Test calling each model to make predictions.


In [None]:
revenue_model = reg.get_model("REVENUE_FORECASTER").default
recent_revenue = revenue_df.limit(3).drop("PURCHASE_MONTH")
revenue_preds = revenue_model.run(recent_revenue, function_name="predict")
print("Revenue predictions:")
revenue_preds.select("TOTAL_REVENUE", "PREDICTED_REVENUE").show()

churn_model = reg.get_model("CHURN_RISK_MODEL").default
sample_churn = churn_df.limit(5).drop("PLAYER_ID")
churn_preds = churn_model.run(sample_churn, function_name="predict")
print("\nChurn risk predictions:")
churn_preds.select("IS_CHURNED", "CHURN_PREDICTION").show()

toxicity_model = reg.get_model("TOXICITY_PREDICTION_MODEL").default
sample_toxicity = toxicity_df.limit(5).drop("PLAYER_ID")
toxicity_preds = toxicity_model.run(sample_toxicity, function_name="predict")
print("\nToxicity predictions:")
toxicity_preds.select("HAS_INCIDENT", "TOXICITY_PREDICTION").show()

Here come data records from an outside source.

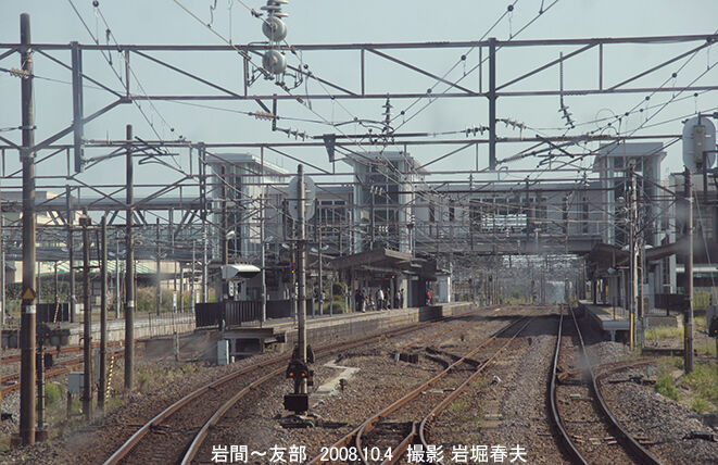 カーブの先に岩間駅がある。明治28年に日本鉄道の駅として開業。2面2線の配線で、2012年に橋上駅舎が完成した。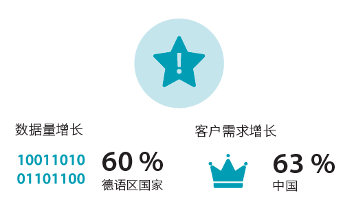与其他项目相比,数字化项目提出了更严格的要求。与老一套理念相反的是,受访者并未首先谈及成本。在德语区国家中,数据流的持续增长成为了过半企业面临的最大挑战。在中国,企业需要首先考虑顾客不断增长的需求。攀升的竞争压力成为了企业的动力,也构成了企业的挑战——如若竞争对手能以更快的速度成功转型,他们就能将业务席卷一空。
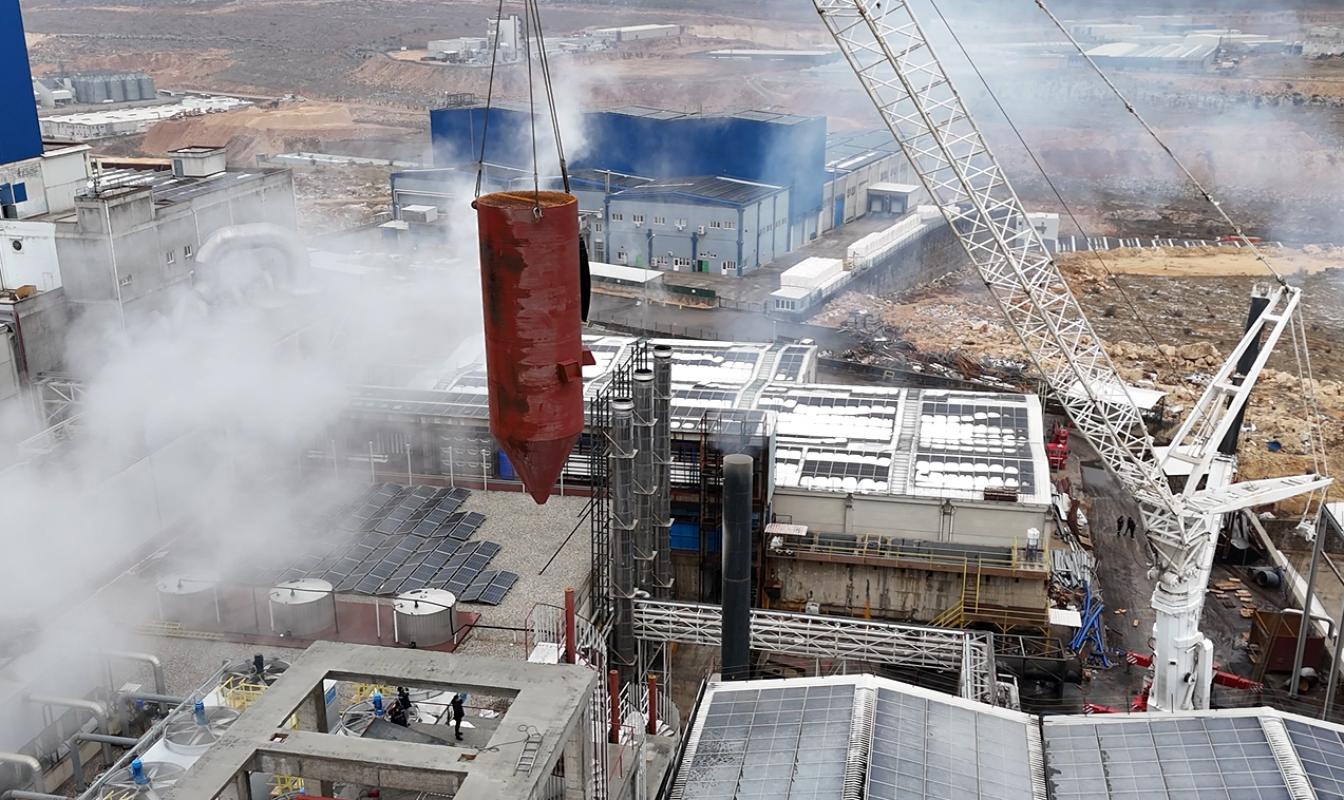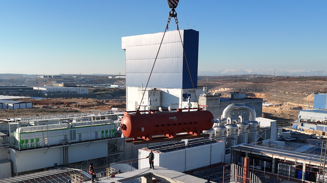 Gaziantep lokasyonunda 30 ton/h - 10 barg kapasitesine sahip BİYOKÜTLE YAKITLI DÖNER IZGARALI BUHAR KAZANININ kurulumu, yağmur, kar, çamur demeden tüm hızıyla devam ediyor.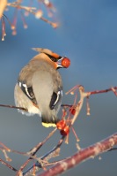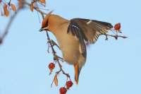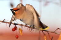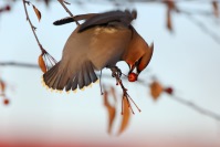 Here comes another Waxwing juggler putting on a show with his dexterious beak.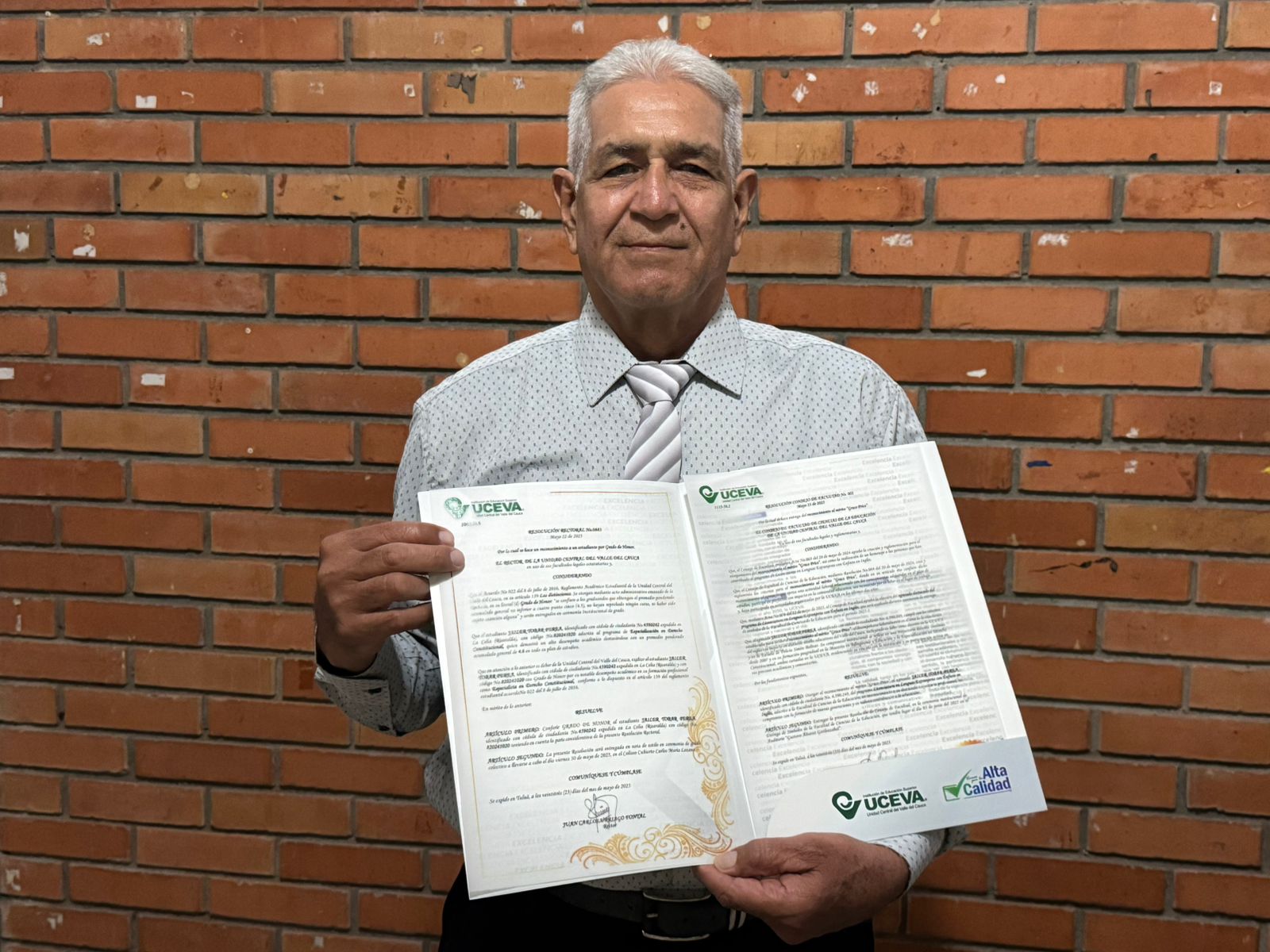 Además de su destacada trayectoria docente, Jailer Tovar fue reconocido por haber alcanzado un puntaje sobresaliente al realizar dos posgrados simultáneamente, hecho que le valió un grado de honor por parte de la UCEVA.

print("\n✅ All models tested successfully!")

---
# Next Steps

## Add Models to Intelligence Agent

**Run the SQL Script:**
Execute `sql/agent/08_create_intelligence_agent.sql` which automatically configures all 3 ML models.

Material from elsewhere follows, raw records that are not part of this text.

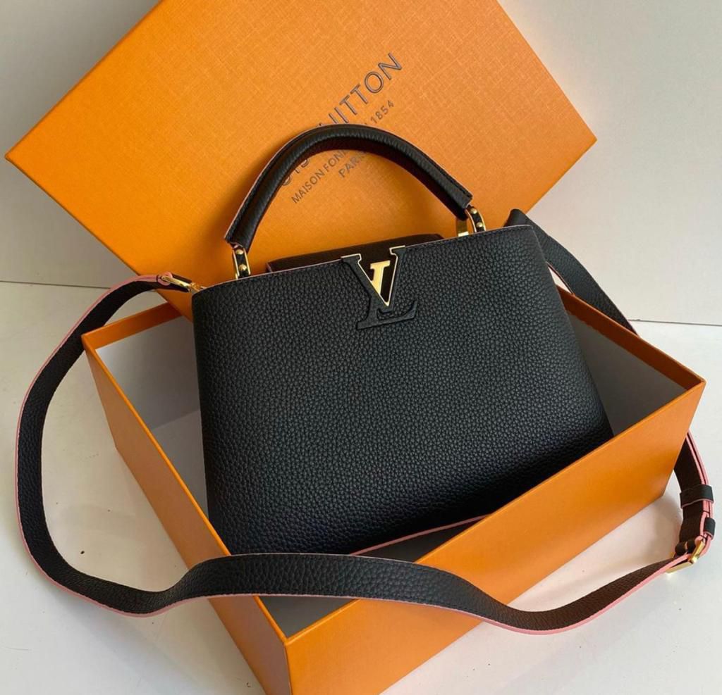 A bolsa Capucines PM leva o nome da rua parisiense onde Louis Vuitton inaugurou sua primeira loja. De couro Taurillon granulado, sua aba pode ser usada para fora, revelando um Monogram Flower, ou para dentro, exibindo as LV Initials revestidas de couro. Leve, pode ser carregada o dia todo na mão, no ombro ou na transversal com a alça removível.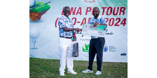 Veteran golfer Saidi Nkya (left) presents a dummy cheque to Fadhyl Nkya, winner of the second edition of the Lina PG Tour for professional golfers.. PHOTO | COURTESY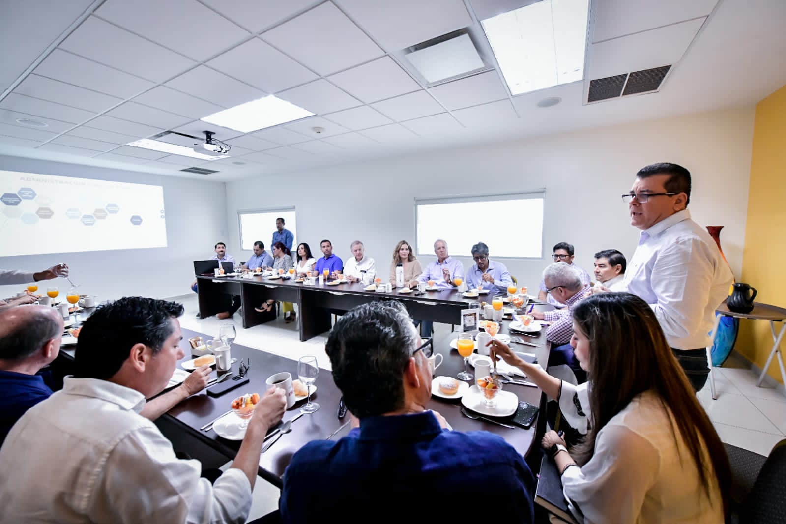 Mazatlán, Sinaloa, 29 agosto 2023-. Una productiva mesa de trabajo se llevó a cabo en la sala de juntas del Centro de Convenciones entre el Alcalde Edgar González y empresarios de COPARMEX.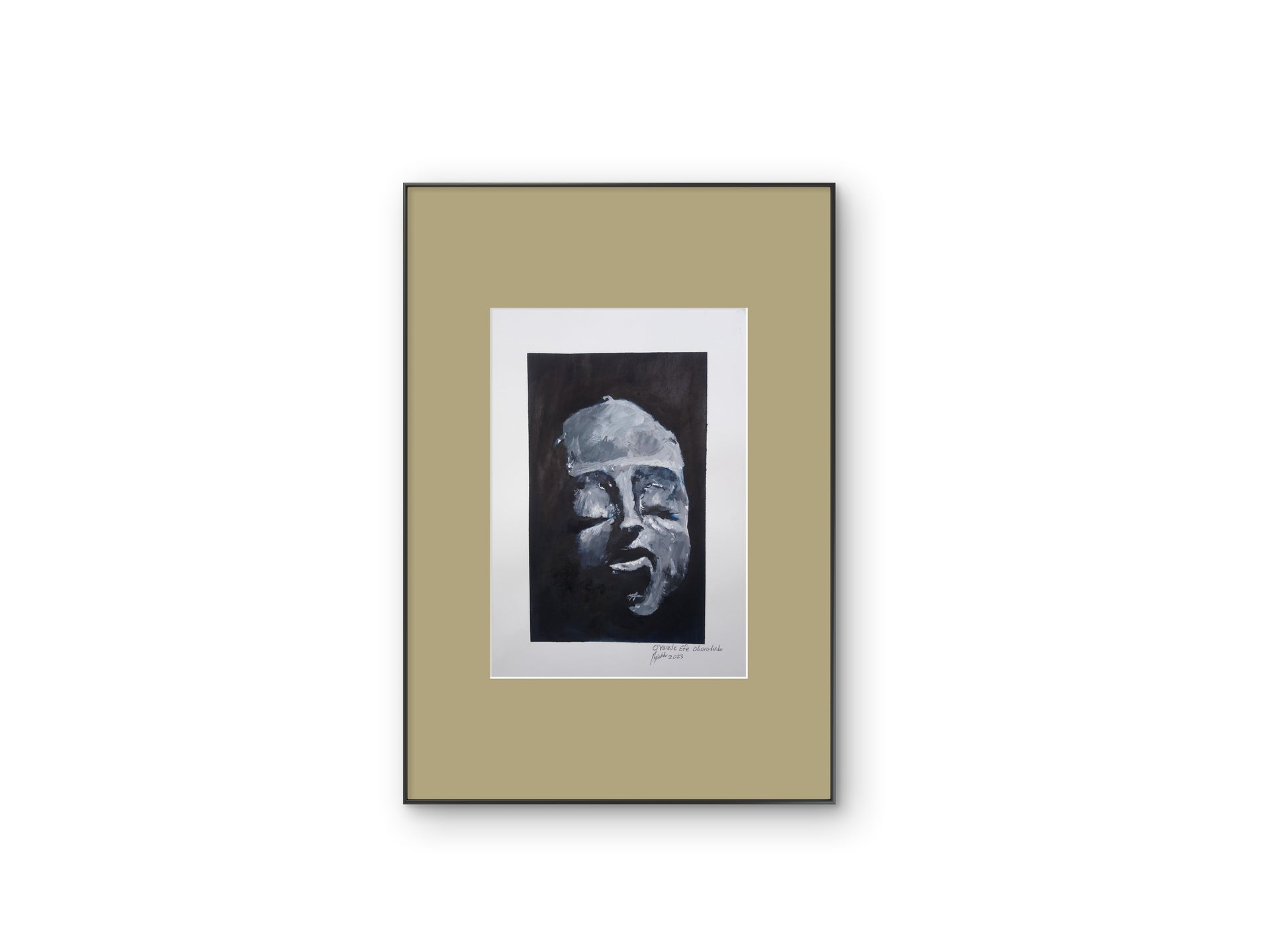 Gouache on A4 paper A solitary face emerges from the darkness, rendered in expressive monochrome brushwork. The interplay of light and shadow invites viewers to pause and reflect, evoking a sense of quiet resilience and inner transformation. Each mark is intentional, capturing the tension between vulnerability and strength. "Silent Emergence" is an exploration of presence—how we reveal ourselves, even in silence.

**Manual Configuration (Alternative):**
1. In Snowsight → AI & ML → Agents → RIOT_GAMES_INTELLIGENCE_AGENT
2. Go to Tools → + Add → Function
3. Add each model wrapper procedure:
   - **PREDICT_REVENUE** (from `sql/ml/07_create_model_wrapper_functions.sql`)
   - **PREDICT_CHURN_RISK** (from `sql/ml/07_create_model_wrapper_functions.sql`)
   - **PREDICT_TOXICITY_RISK** (from `sql/ml/07_create_model_wrapper_functions.sql`)

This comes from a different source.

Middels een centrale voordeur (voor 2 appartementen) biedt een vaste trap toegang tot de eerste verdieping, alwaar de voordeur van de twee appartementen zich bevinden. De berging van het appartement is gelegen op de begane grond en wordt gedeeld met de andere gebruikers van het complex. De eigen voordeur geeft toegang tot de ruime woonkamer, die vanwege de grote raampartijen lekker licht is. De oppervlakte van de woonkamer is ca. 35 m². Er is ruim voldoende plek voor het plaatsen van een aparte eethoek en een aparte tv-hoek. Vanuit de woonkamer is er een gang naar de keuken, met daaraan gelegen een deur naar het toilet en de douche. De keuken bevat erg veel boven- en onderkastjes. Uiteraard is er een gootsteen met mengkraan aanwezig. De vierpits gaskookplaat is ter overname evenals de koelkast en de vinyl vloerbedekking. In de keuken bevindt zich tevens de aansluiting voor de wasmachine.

## Example Questions for Agent

- "Predict revenue for the next 6 months"
- "Which CASUAL players are at high churn risk?"
- "What is the toxicity risk for ENGAGED segment players?"
- "Show me revenue trends by player segment and predict next quarter"

The models will now be available as tools your agent can use!